START Data provided

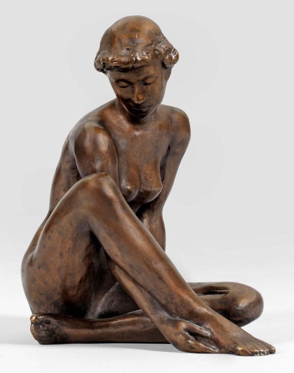 Bronze, braun patiniert, 1924/1955. Künstler-Monogramm "FK", Gießerstempel "STRASSACKER KUNSTGUSS SÜSSEN. Wvz. Braun 121. Vollplastische, moderne Darstellung eines hockenden, in sich selbst versunkenen Frauenakts, dessen besondere Schönheit und Ausgewogenheit in der geschlossenen, kontemplativen Komposition liegt. Die 1955 modellierte "Siesta" stellt eine verkleinerte Version der bereits 1924 geschaffenen Bronzeplastik "Beschaulichkeit" dar, wobei die Körperlichkeit kompakter und der Kopf weniger geneigt sowie das Haar summarischer mit veränderter Frisur ist. Es gehört in die Werkreihe mehrerer Neuinterpretationen, welche Klimsch in den 1950er Jahren schuf. H. 24,5 cm.
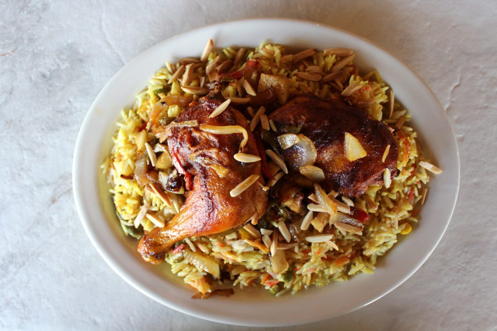 Our maklooba comes with oven-roasted chicken served over a bed of basmati rice mixed with fried eggplant and cauliflower. Maklooba is an Arabic word that literally means “flipped over,” and stems from this dish traditionally being layered in a pot and then flipped over onto a serving dish. This dish is native to the Levantine region, and is especially popular in Palestine. There are records of maklooba being prepared that date back to the 13th century!
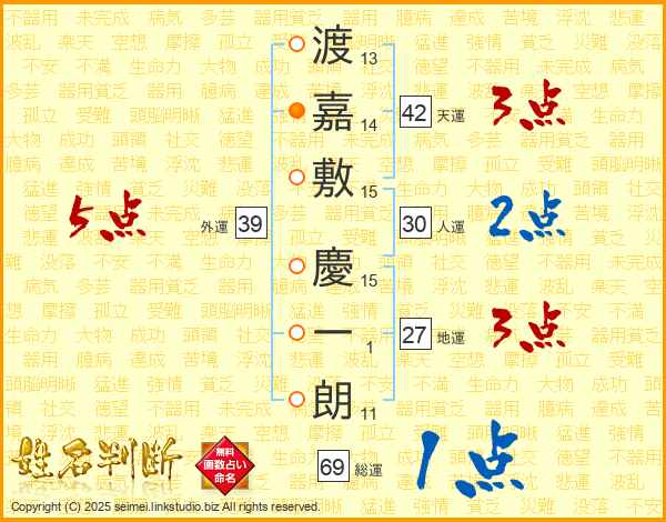 渡(13画)嘉(14画)敷(15画) 慶(15画)一(1画)朗(11画)

END Data provided

What to do - Every word of the data should be reproduced exactly; please omit any pictures.

Finished task -
 Bronze, braun patiniert, 1924/1955. Künstler-Monogramm "FK", Gießerstempel "STRASSACKER KUNSTGUSS SÜSSEN. Wvz. Braun 121. Vollplastische, moderne Darstellung eines hockenden, in sich selbst versunkenen Frauenakts, dessen besondere Schönheit und Ausgewogenheit in der geschlossenen, kontemplativen Komposition liegt. Die 1955 modellierte "Siesta" stellt eine verkleinerte Version der bereits 1924 geschaffenen Bronzeplastik "Beschaulichkeit" dar, wobei die Körperlichkeit kompakter und der Kopf weniger geneigt sowie das Haar summarischer mit veränderter Frisur ist. Es gehört in die Werkreihe mehrerer Neuinterpretationen, welche Klimsch in den 1950er Jahren schuf. H. 24,5 cm.
 Our maklooba comes with oven-roasted chicken served over a bed of basmati rice mixed with fried eggplant and cauliflower. Maklooba is an Arabic word that literally means “flipped over,” and stems from this dish traditionally being layered in a pot and then flipped over onto a serving dish. This dish is native to the Levantine region, and is especially popular in Palestine. There are records of maklooba being prepared that date back to the 13th century!
 渡(13画)嘉(14画)敷(15画) 慶(15画)一(1画)朗(11画)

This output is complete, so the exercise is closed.